**EXERCISE DESCRIPTION:**
Exactly as they appear below, repeat the lines from the one with "Integrerte hvitevarer medfølger." through the one with "- Položíme na". Drop every picture.

**THE INPUT:**
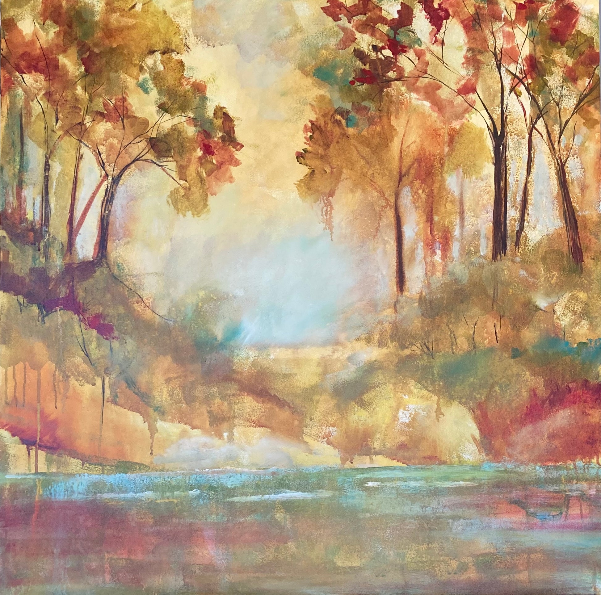 Delicately walking a line between reality and abstraction, "Fall Wonder" is a new original atmospheric landscape painting.
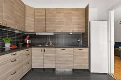 Integrerte hvitevarer medfølger. Kjøleskap medfølger også.
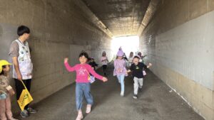 みんなでヤッホーと言ったり、大きな声でトンネルを走ったりしました💪
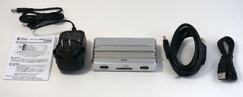 セルフパワー・バスパワー兼用でACアダプタが付属。カードリーダー部もしっかり3.0動作でSDXCに対応。本体背面には電源スイッチも装備している。
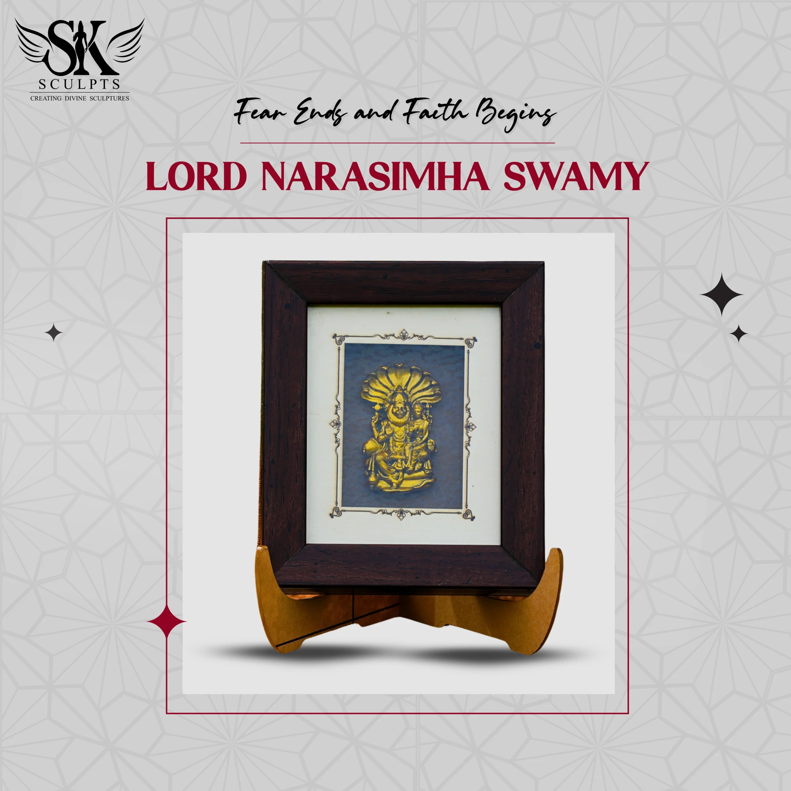 Invite divine protection and blessings into your home with the fierce grace of Lord Narasimha Swamy. This beautifully crafted frame captures the powerful presence and spiritual might of the Lord, reflecting every divine detail with artistic brilliance. A symbol of unwavering devotion, courage, and protection, it brings the sacred essence of Narasimha’s divine avatar into your space, a true tribute to India’s rich spiritual heritage.
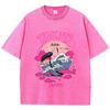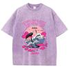 Vintage Womens Acid Wash T-Shirts Tokyo Harajuku Printing Tees Crewneck Cotton Oversized Short Sleeve Fashion Clothes
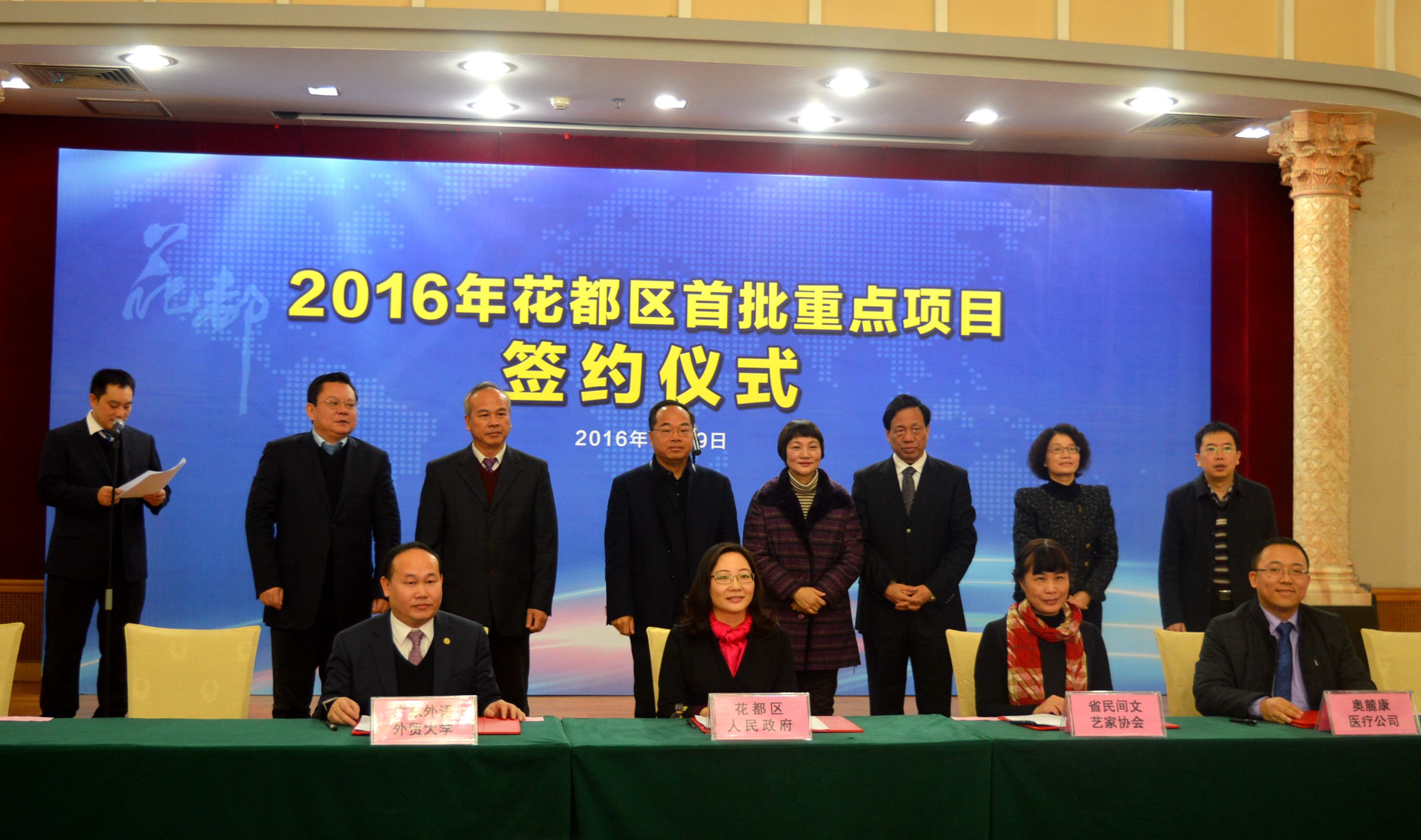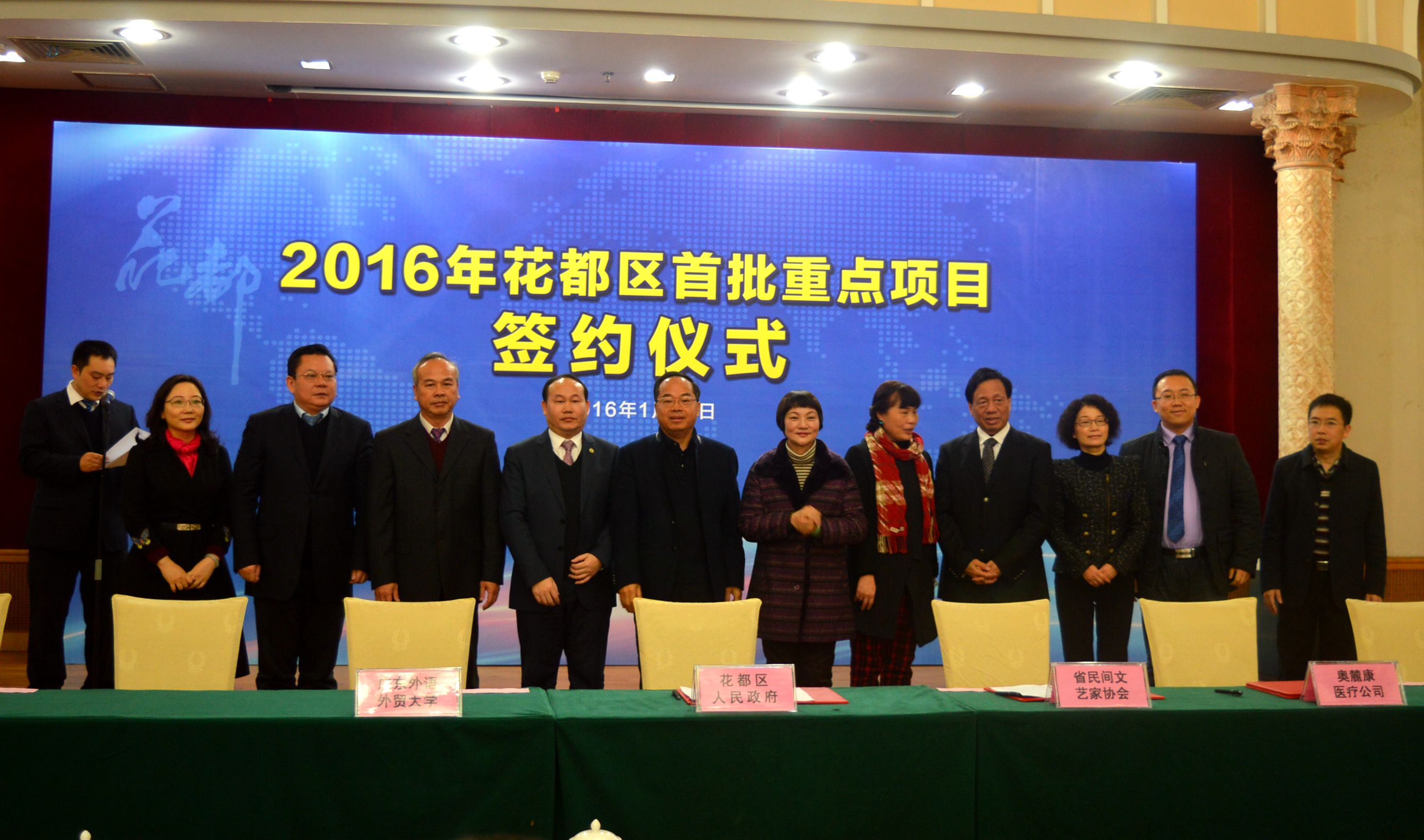 2015年,花都区委区政府全力以赴稳增长、调结构、强后劲,将空港经济、总部经济、教育医疗文化产业作为招商引资的重点之一,成功洽谈引进了广外附设花都外校、中国民间工艺博览园、广东血液肿瘤医院、海航广州运营基地项目等25个重点项目,广外附设花都外校是现场签约的唯一一个教育类投资项目。
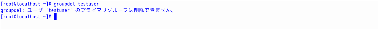 少々実験してみよう。まずはてっとりばやく「存在するユーザの主グループを削除してはならない。」を確認してみよう。
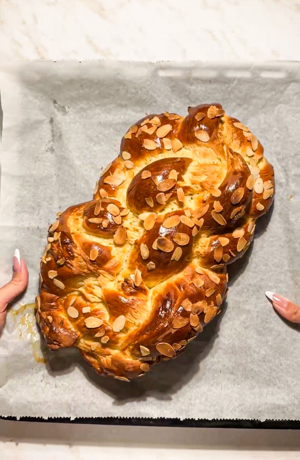 - Položíme na papier na pečenie na veľký plech šikmo a necháme kysnúť 15 minút (šikmo preto, lebo vianočka nakysne a po upečení bude väčšia).
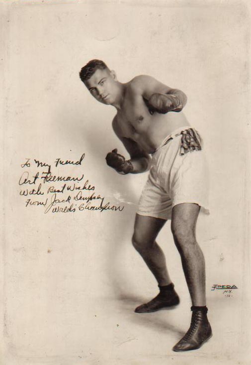 Signed and inscribed in black fountain pen ink while "world's heavyweight champ"... Measures 7 x 10"... Some light soiling as seen in scan... A small ding to the right of his left thigh, otherwise fine condition... An early signature and very clear image of a young Jack Dempsey |

**ANSWER TO THE EXERCISE:**
 Integrerte hvitevarer medfølger. Kjøleskap medfølger også.
 みんなでヤッホーと言ったり、大きな声でトンネルを走ったりしました💪
 セルフパワー・バスパワー兼用でACアダプタが付属。カードリーダー部もしっかり3.0動作でSDXCに対応。本体背面には電源スイッチも装備している。
 Invite divine protection and blessings into your home with the fierce grace of Lord Narasimha Swamy. This beautifully crafted frame captures the powerful presence and spiritual might of the Lord, reflecting every divine detail with artistic brilliance. A symbol of unwavering devotion, courage, and protection, it brings the sacred essence of Narasimha’s divine avatar into your space, a true tribute to India’s rich spiritual heritage.
 Vintage Womens Acid Wash T-Shirts Tokyo Harajuku Printing Tees Crewneck Cotton Oversized Short Sleeve Fashion Clothes
 2015年,花都区委区政府全力以赴稳增长、调结构、强后劲,将空港经济、总部经济、教育医疗文化产业作为招商引资的重点之一,成功洽谈引进了广外附设花都外校、中国民间工艺博览园、广东血液肿瘤医院、海航广州运营基地项目等25个重点项目,广外附设花都外校是现场签约的唯一一个教育类投资项目。
 少々実験してみよう。まずはてっとりばやく「存在するユーザの主グループを削除してはならない。」を確認してみよう。
 - Položíme na papier na pečenie na veľký plech šikmo a necháme kysnúť 15 minút (šikmo preto, lebo vianočka nakysne a po upečení bude väčšia).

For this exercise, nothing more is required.